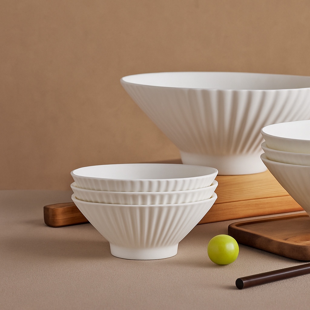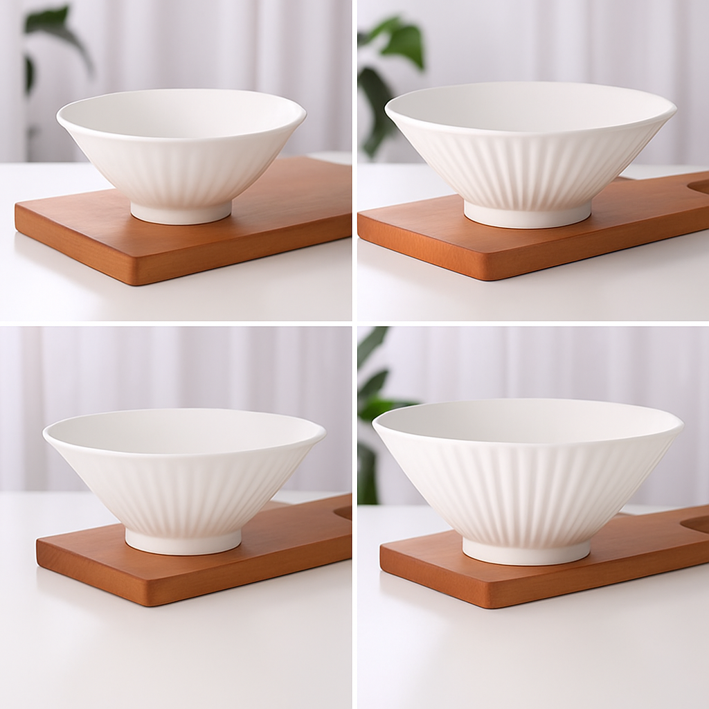 滑らかな磁器素材で作られており、ご飯茶碗としてはもちろん、麺類や丼物にも使える多用途な器です。
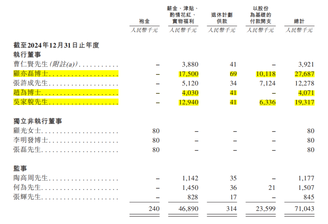 不过,递表前,赵为持有公司975.64万股股份,占比0.47%,是除曹仁贤以外,公司高管持股最多的;顾亦磊、吴家貌则均持股0.03%。根据11月3日收盘后市值计算,赵为所持股权价值约为19.43亿元。
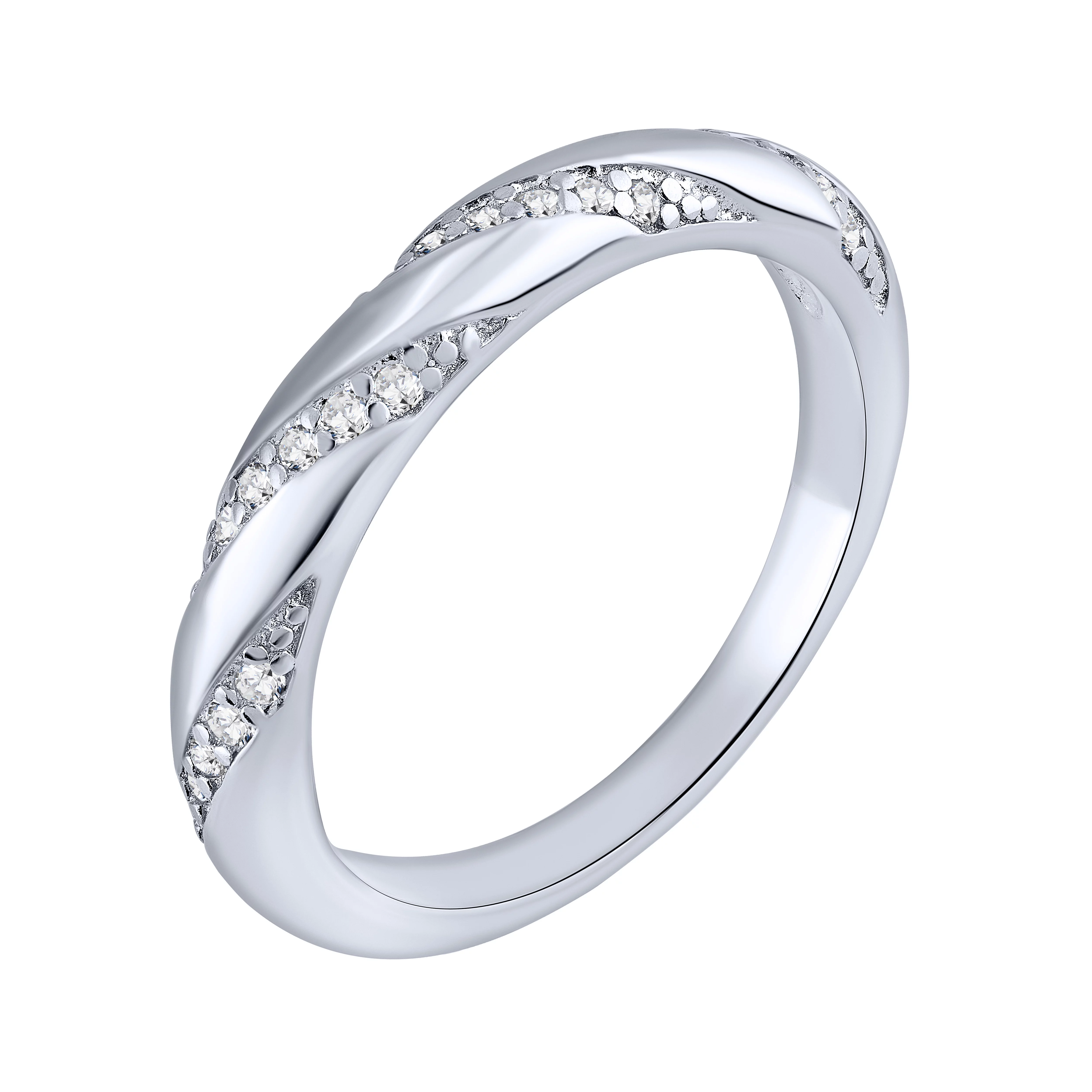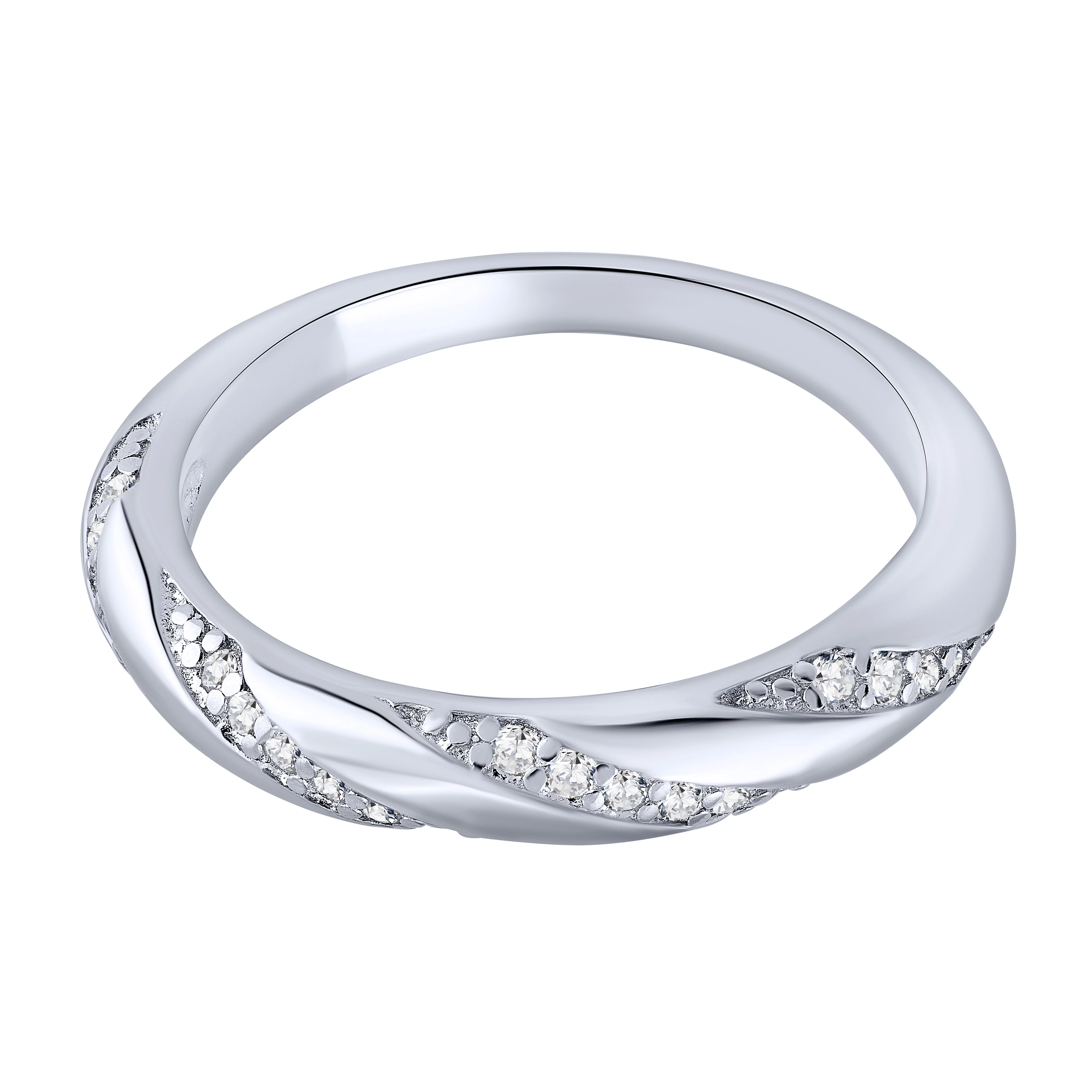 Стильна каблучка з фіанітами з срібла - 1960092
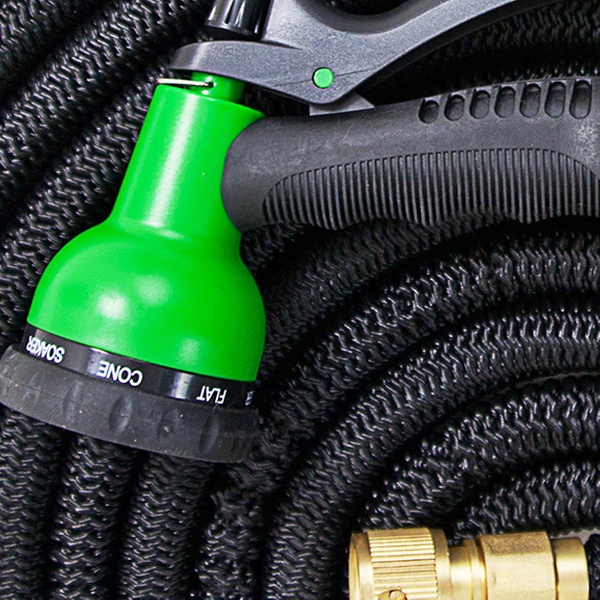 Ein robuster Gartenschlauch mit automatischem Ausdehnen und Zusammenziehen sowie Multifunktionsspritze mit 10 Funktionen
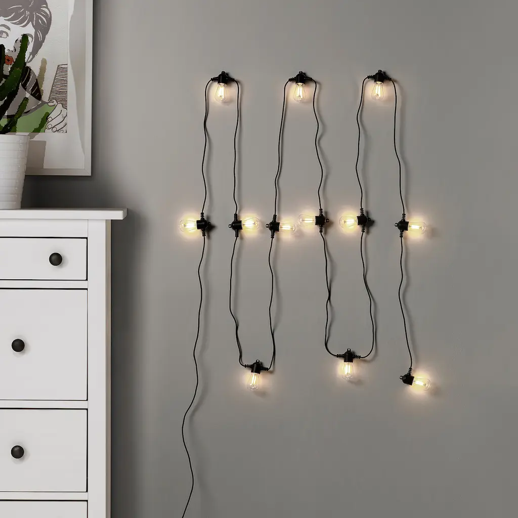 GARDJÄRN LED string light with 12 lights - black/outdoor. Approved for outdoor use (IP44), so it can light up both the living room and outdoor spaces like a balcony, terrace or garden. Built-in LED light source. Approved for use as outdoor lighting, IP 44. Can be used indoors as well.
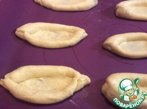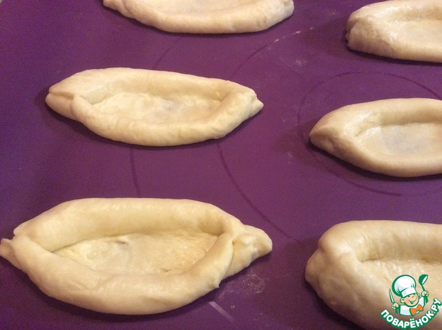 Со вторым бортиком проделываем то же самое. Концы бортиков защипываем, формируя нос лодки. Переносим лодочку на противень, застеленный бумагой для выпечки, или силиконовый коврик. Отправляем в разогретую до 200°С духовку на 10 минут.
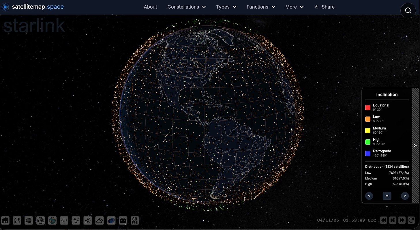 I’ve been imaging a convergence of AI, Quantum, and 6G computing as a requirement of the Beast System in Revelation 13 (here). The recent keynote from Nvidia just dropped what to me is a bombshell. Brothers and Sisters, Jensen Huang’s keynote reveals the integration and encapsulation of quantum capabilities with AI in Nvidia’s next generation of hardware. And in a related part of the global system, 6G is likely to play a significant role as well. I speculate that the StarLink satellite systems (see the clickable space map below) has already been wired up with 6G. There are 8,800 of these all over the world so far. Time will tell. But I can’t imagine the opportunity to rollout 6G so broadly is going to be missed.
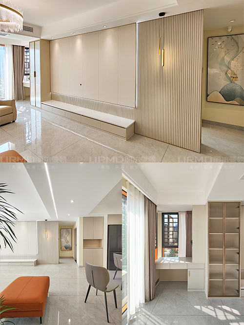 全屋衣柜、櫥柜、房門、護墻板都選用奶咖色系配套。
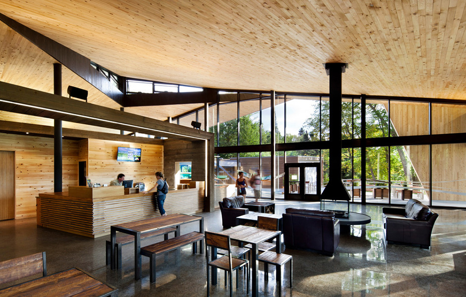 I KANADENSISKA MONT-TREMBLANT National Park ligger det prisbelönta naturcentret Centre de découverte du parc national du Mont-Tremblant. Den Montrealbaserade arkitektbyrån Smith Vigeant har vunnit pris för såväl bästa inredningsdesign vid Prix d’excellence cecobois 2014 som Sustainable Design Award vid Grand Prix du Design 2013.
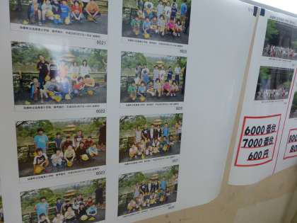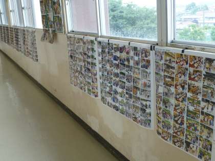 6年生の廊下に、修学旅行の写真が貼り出されていました。
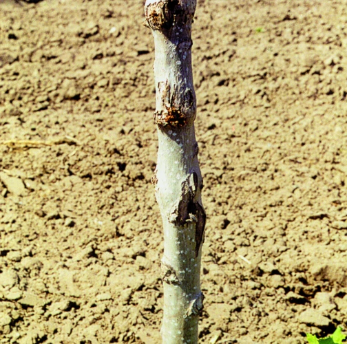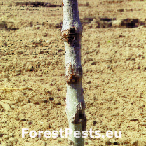 The white larva lives inside the trunk. Thickening of the trunks and branches with diameter of 1.5 - 2 cm.
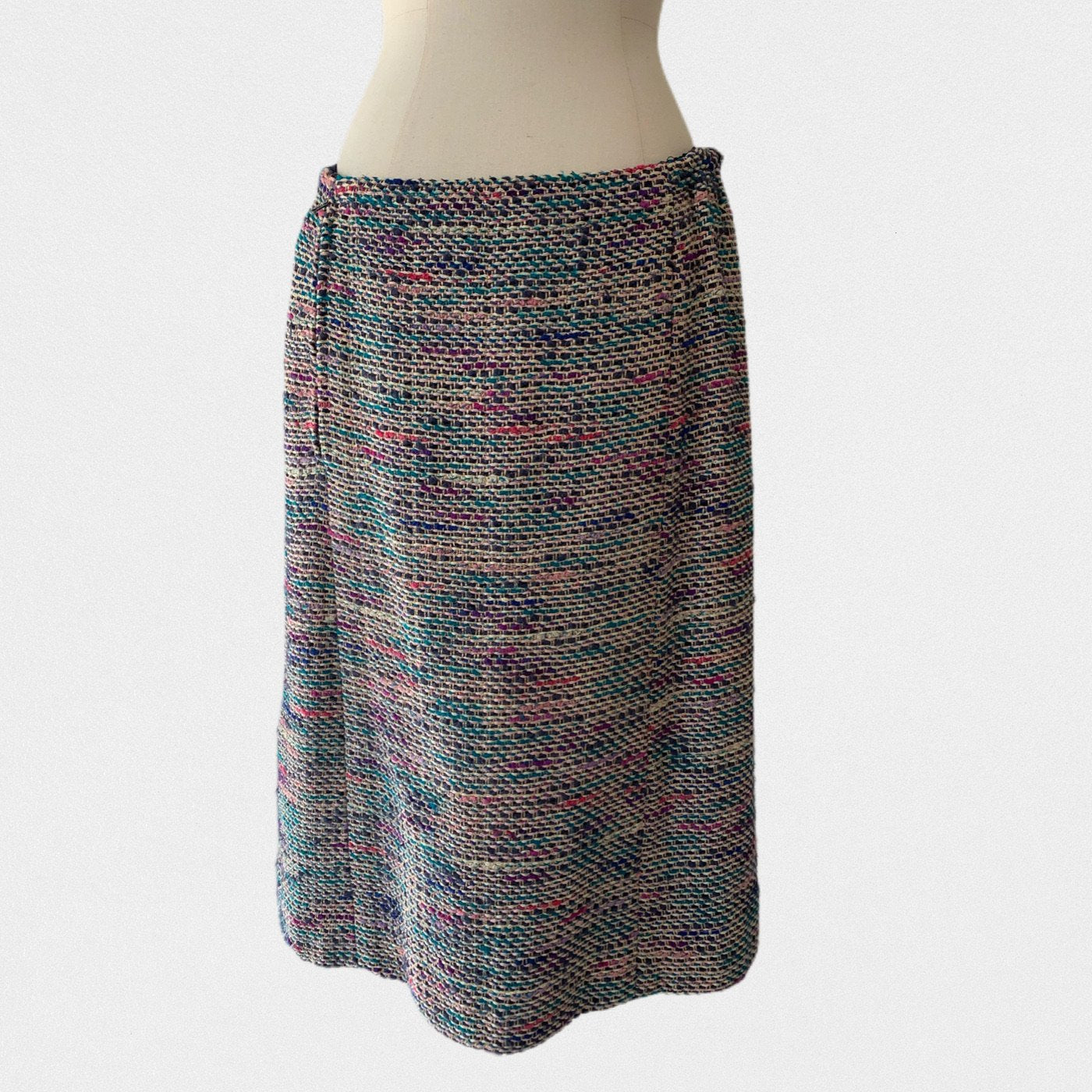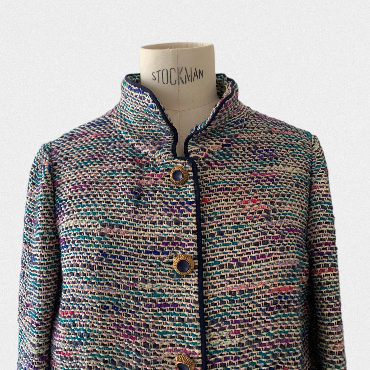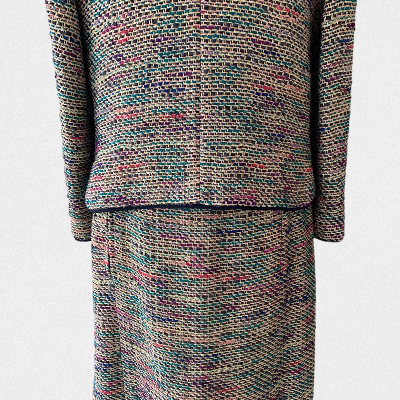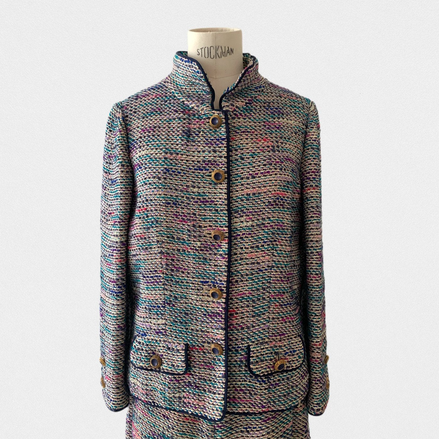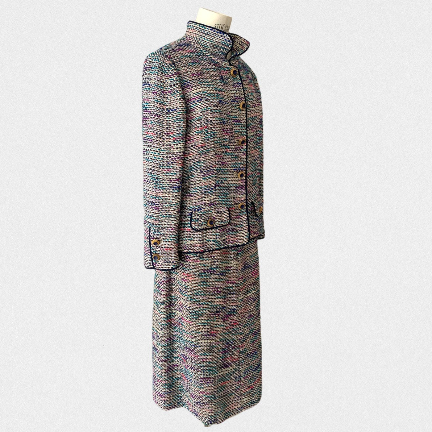 DESCRIPTION: Chanel suit from 1974 - Jacket opening with gold and blue jewelry buttons - Skirt opening with a zip
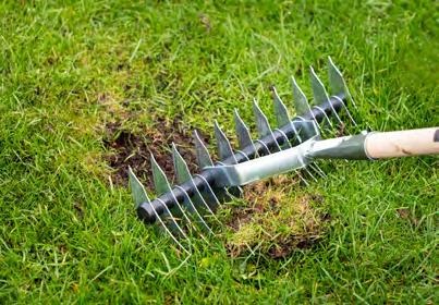 Maai eerst het gazon. Maak vervolgens de grond van de kale plek los.
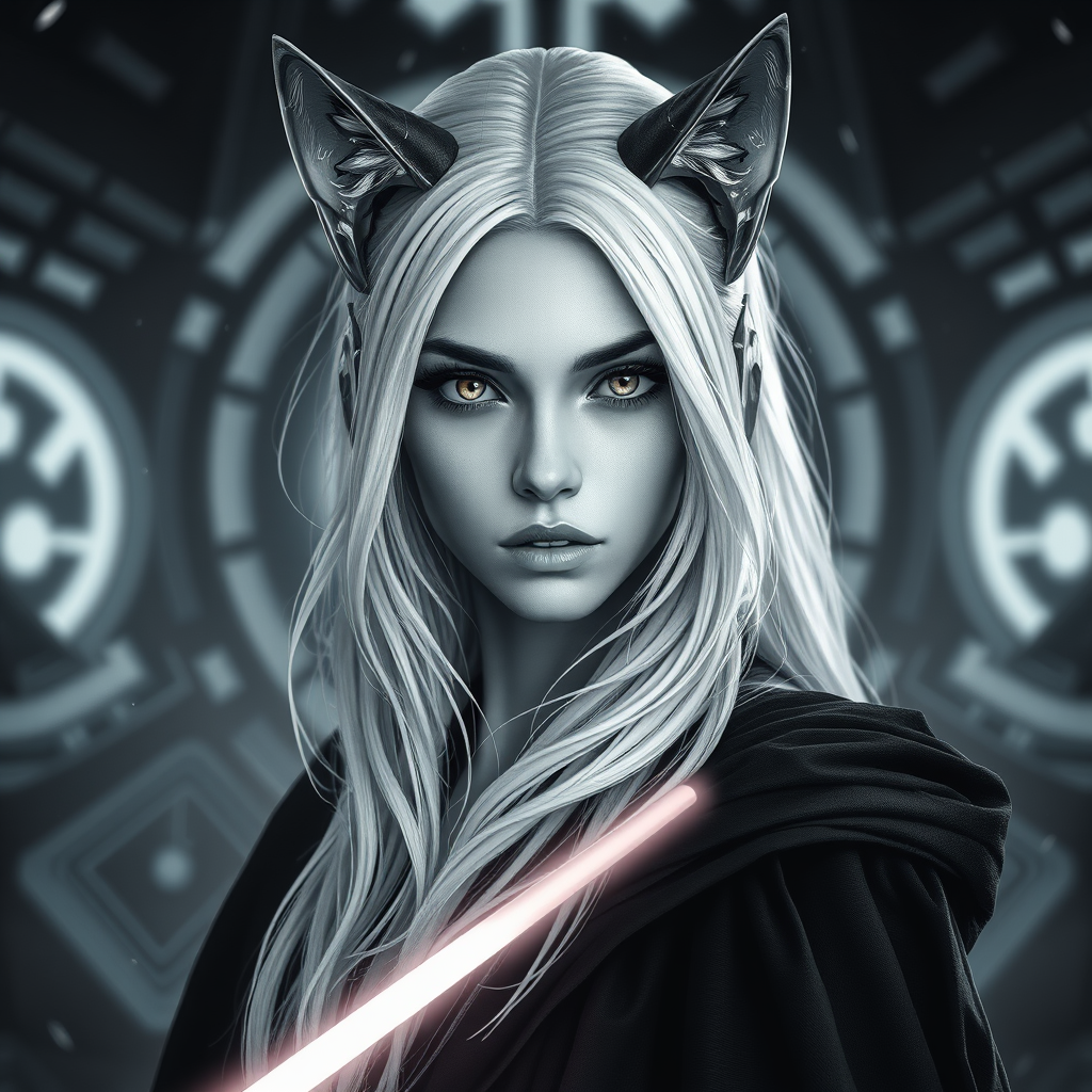 A mesmerizing female Sith Lord with striking white hair and elegant cat ears, showcasing a captivating and hyperdetailed face that captures attention. Set in a dynamic pose within an immersive Star Wars-inspired background, this grayscale masterpiece offers a depth of field that draws you in. The artwork, rendered in 8k resolution, combines elements of mystique and power, while maintaining the essence of the dark side. Adjustments in anatomy and artistic expression enhance the overall composition, ensuring a flawless representation of this enigmatic character.
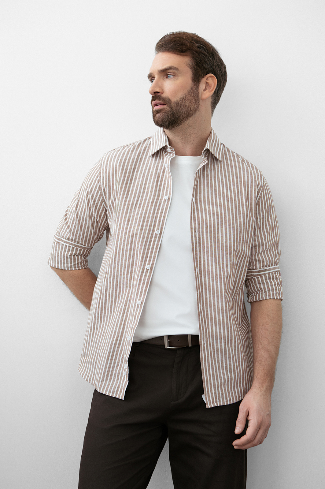 Сорочка KANZLER коричневого оттенка из хлопка и льна — пример современной мужской классики, в котором комфорт и эстетика существуют на равных. Коричневый оттенок выглядит тепло и стильно. Вертикальная белая полоса визуально вытягивает силуэт и добавляет образу графичности. Прямой крой задаёт спокойный уверенный силуэт, не перегружая образ. Роскошная ткань сделана из гипоаллергенных материалов: 70% хлопка и 30% льна. Хлопок отвечает за комфорт и свежесть, а лён придаёт материалу лёгкую фактурность. Натуральная ткань хорошо держит форму и со временем лучше адаптируется к фигуре, приобретая расслабленный и естественный вид.
__________________________________________________
■ Exercise prompt
Each line from the one with "I KANADENSISKA MONT-TREMBLANT" through the end of the entries should be reproduced exactly. Leave out the pictures.

■ Exercise result
 I KANADENSISKA MONT-TREMBLANT National Park ligger det prisbelönta naturcentret Centre de découverte du parc national du Mont-Tremblant. Den Montrealbaserade arkitektbyrån Smith Vigeant har vunnit pris för såväl bästa inredningsdesign vid Prix d’excellence cecobois 2014 som Sustainable Design Award vid Grand Prix du Design 2013.
 6年生の廊下に、修学旅行の写真が貼り出されていました。
 The white larva lives inside the trunk. Thickening of the trunks and branches with diameter of 1.5 - 2 cm.
 DESCRIPTION: Chanel suit from 1974 - Jacket opening with gold and blue jewelry buttons - Skirt opening with a zip
 Maai eerst het gazon. Maak vervolgens de grond van de kale plek los.
 A mesmerizing female Sith Lord with striking white hair and elegant cat ears, showcasing a captivating and hyperdetailed face that captures attention. Set in a dynamic pose within an immersive Star Wars-inspired background, this grayscale masterpiece offers a depth of field that draws you in. The artwork, rendered in 8k resolution, combines elements of mystique and power, while maintaining the essence of the dark side. Adjustments in anatomy and artistic expression enhance the overall composition, ensuring a flawless representation of this enigmatic character.
 Сорочка KANZLER коричневого оттенка из хлопка и льна — пример современной мужской классики, в котором комфорт и эстетика существуют на равных. Коричневый оттенок выглядит тепло и стильно. Вертикальная белая полоса визуально вытягивает силуэт и добавляет образу графичности. Прямой крой задаёт спокойный уверенный силуэт, не перегружая образ. Роскошная ткань сделана из гипоаллергенных материалов: 70% хлопка и 30% льна. Хлопок отвечает за комфорт и свежесть, а лён придаёт материалу лёгкую фактурность. Натуральная ткань хорошо держит форму и со временем лучше адаптируется к фигуре, приобретая расслабленный и естественный вид.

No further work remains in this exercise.